Pregnancy and Lactation Labeling Rule (PLLR): How to Read FDA Drug Safety Info

Posted By John Morris    On 15 Dec 2025    Comments (0)

Pregnancy and Lactation Labeling Rule (PLLR): How to Read FDA Drug Safety Info

PLLR Drug Label Comparison Tool

Compare Old vs New Labeling

Select a drug to see how its pregnancy and lactation information would be presented under the old pregnancy letter system versus the new Pregnancy and Lactation Labeling Rule (PLLR).

Before 2015, if you were pregnant and your doctor prescribed a medication, you might have seen a simple letter on the label: A, B, C, D, or X. That letter was supposed to tell you if the drug was safe. But it didn’t. Not really. A Category B drug might have had no human data at all. A Category C drug could have shown harm in animals but no proof in people. And yet, many doctors and patients treated B as safe and C as risky-even when the data said otherwise. The system was broken. That’s why the FDA replaced it with the Pregnancy and Lactation Labeling Rule (PLLR).

What the PLLR Actually Replaced

The old pregnancy letter system had been around since the 1970s. It was simple, but dangerously oversimplified. A drug with no human studies got a C. A drug with a single case report of birth defects got a D. A drug proven to cause serious harm got an X. But here’s the problem: the categories didn’t explain why a drug was rated that way. They didn’t say how much of the drug crossed the placenta. They didn’t mention when during pregnancy the risk was highest. They didn’t talk about what happened if you stopped the drug.
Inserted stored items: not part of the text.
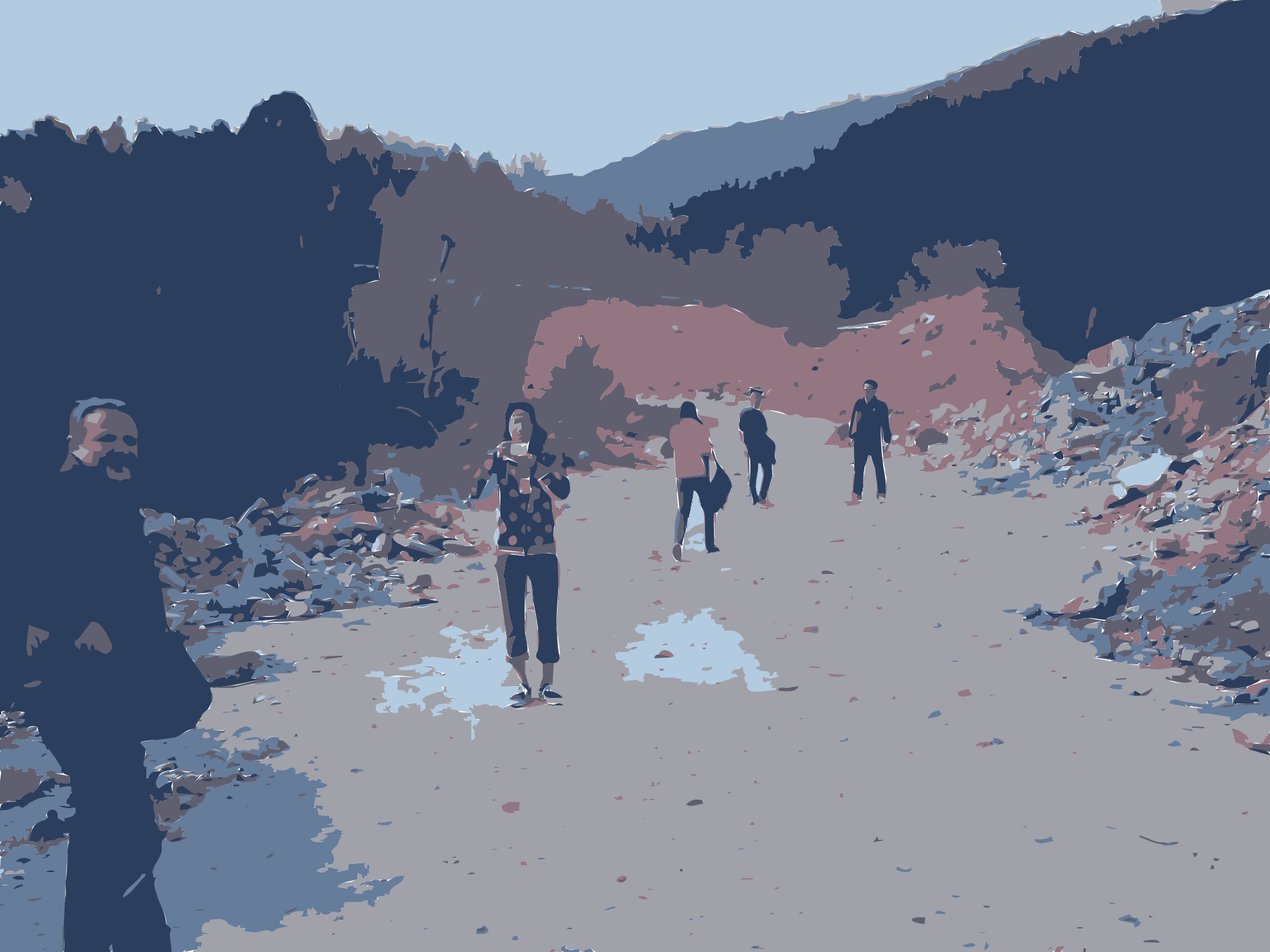 This features a group of people walking down a dirt road, with some of them carrying backpacks. There are five individuals in total, spread out along the pathway. They appear to be enjoying their walk together and possibly exploring the area. The scene is captured in a blue-toned photo that gives it an artistic touch.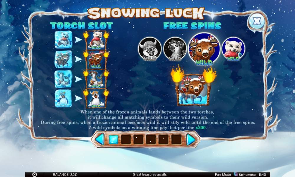 Online gambling guide Casinoz.club keeps introducing production of Spinomenal company to the readers. Here comes a colorful and exciting online video slot named «Snowing Luck». It is devoted to the original peoples and animals of the Far North. Terms and conditions of this model are carefully explained in the following article.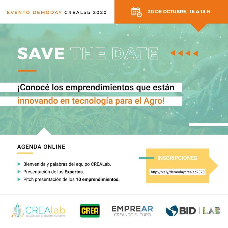 La jornada CREAlab ,que este año fue totalmente virtual, es organizada por el área de Innovación de la Asociación Argentina de Consorcios Regionales de Experimentación Agrícola (CREA) y EMPREAR. Forma parte del programa de incubación del Movimiento CREA cuyo propósito es consolidar el desarrollo de empresas de base tecnológica que ofrezcan soluciones para los problemas y desafíos del sector agroalimentario. El objetivo es poner a disposición de los emprendedores una red de soporte técnico-empresarial y una amplia gama de recursos para probar, validar y desarrollar sus propuestas de valor y planes de negocios. En esta instancia, las instituciones organizadoras buscan visibilizar los proyectos incubados para ampliar sus redes de contactos.
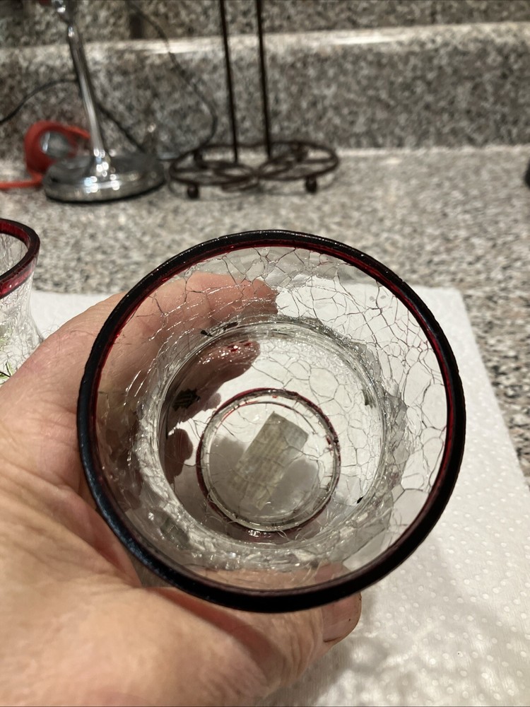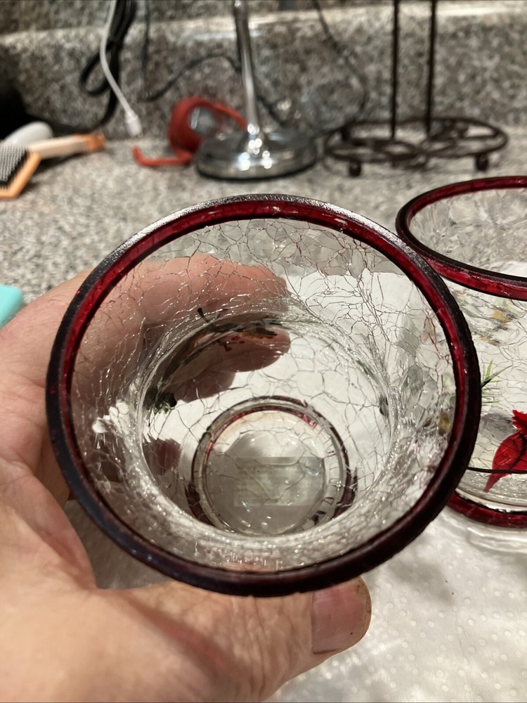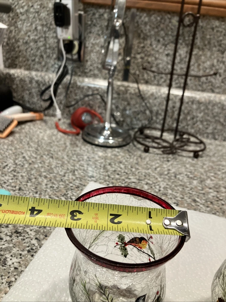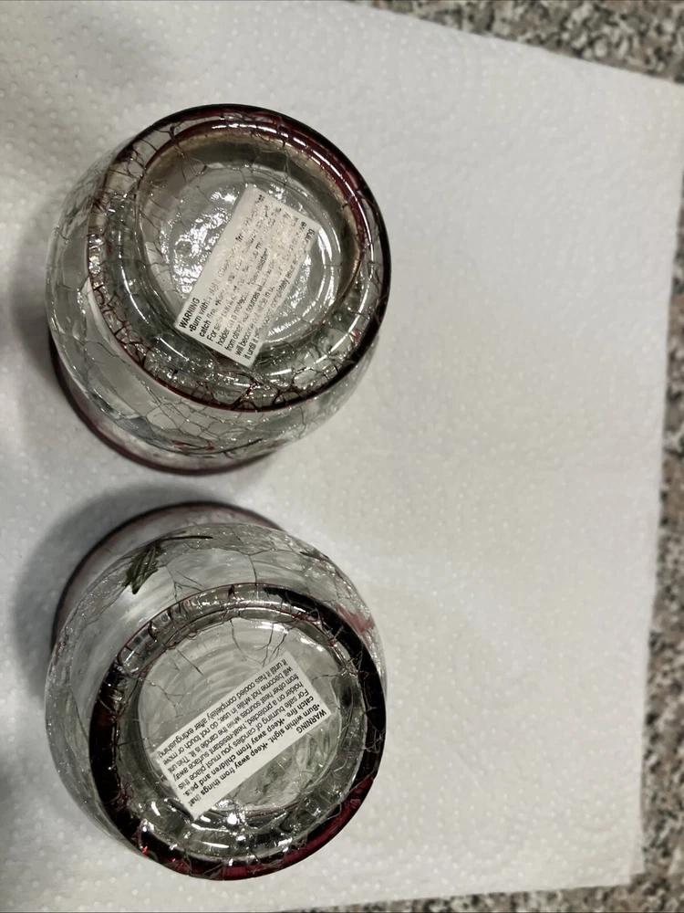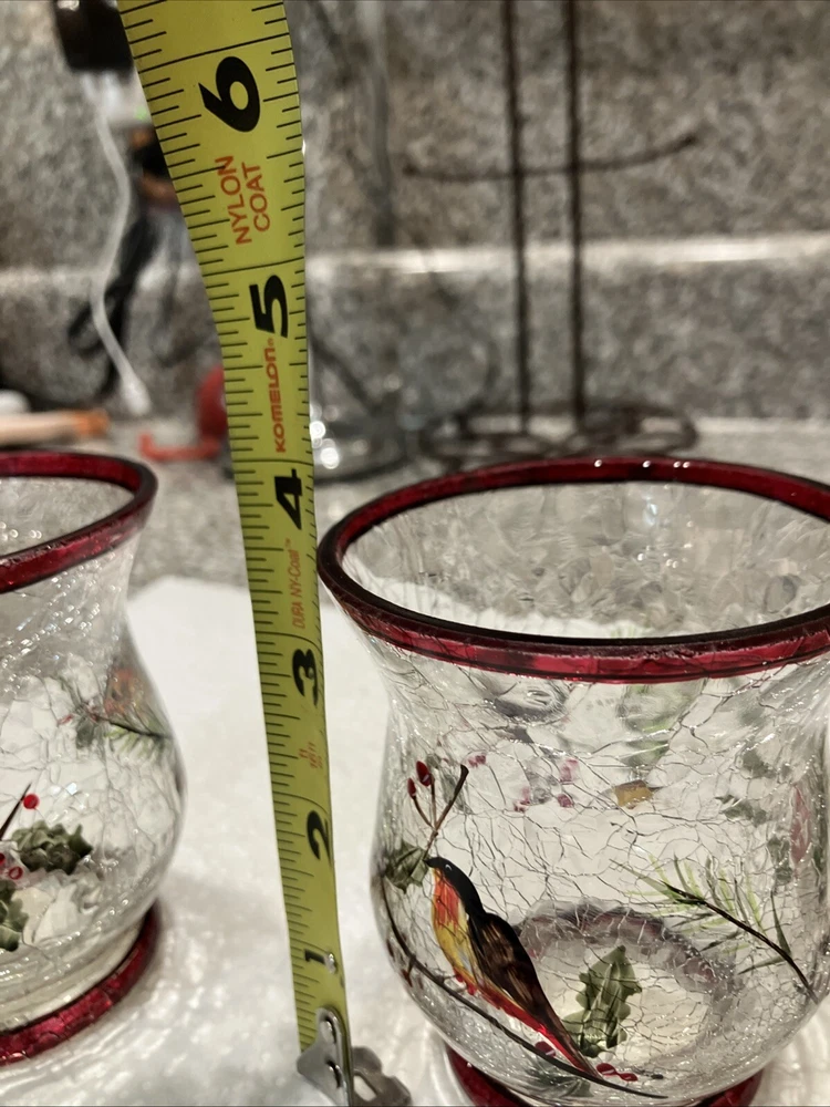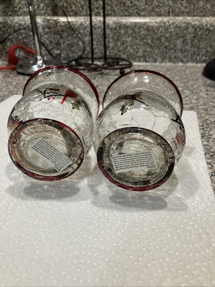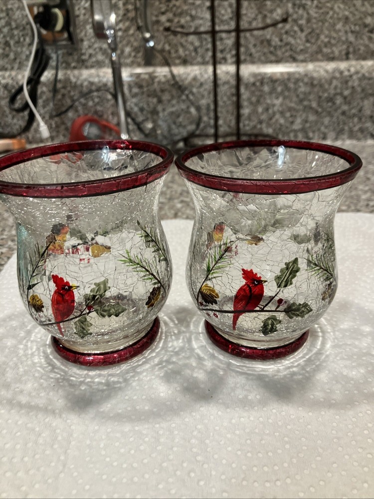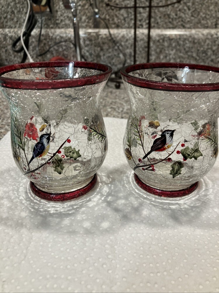 This set includes two large Yankee Candle candle holders made of cracked glass in a Christmas theme featuring birds. Perfect for adding a festive touch to your holiday decor.

And they didn’t say anything about breastfeeding.

The PLLR, finalized in December 2014, scrapped the letters entirely. Instead, it forced drugmakers to write clear, detailed narratives based on real data. This wasn’t just a formatting change. It was a cultural shift in how drug safety is communicated to providers-and ultimately, to patients.

The Three New Sections You Need to Know

Under the PLLR, every prescription drug label now has three new subsections under Section 8: 8.1 Pregnancy, 8.2 Lactation, and 8.3 Females and Males of Reproductive Potential. Each follows the same three-part structure. Let’s break them down.

8.1 Pregnancy: Risk Summary, Clinical Considerations, Data

The Risk Summary is the first thing you read. It doesn’t say “Category C.” It says: “Use of this drug during pregnancy is associated with an increased risk of oligohydramnios, which can lead to fetal lung hypoplasia and limb contractures.” Then it adds: “These effects were observed in 12% of exposed pregnancies in a cohort of 150 women.”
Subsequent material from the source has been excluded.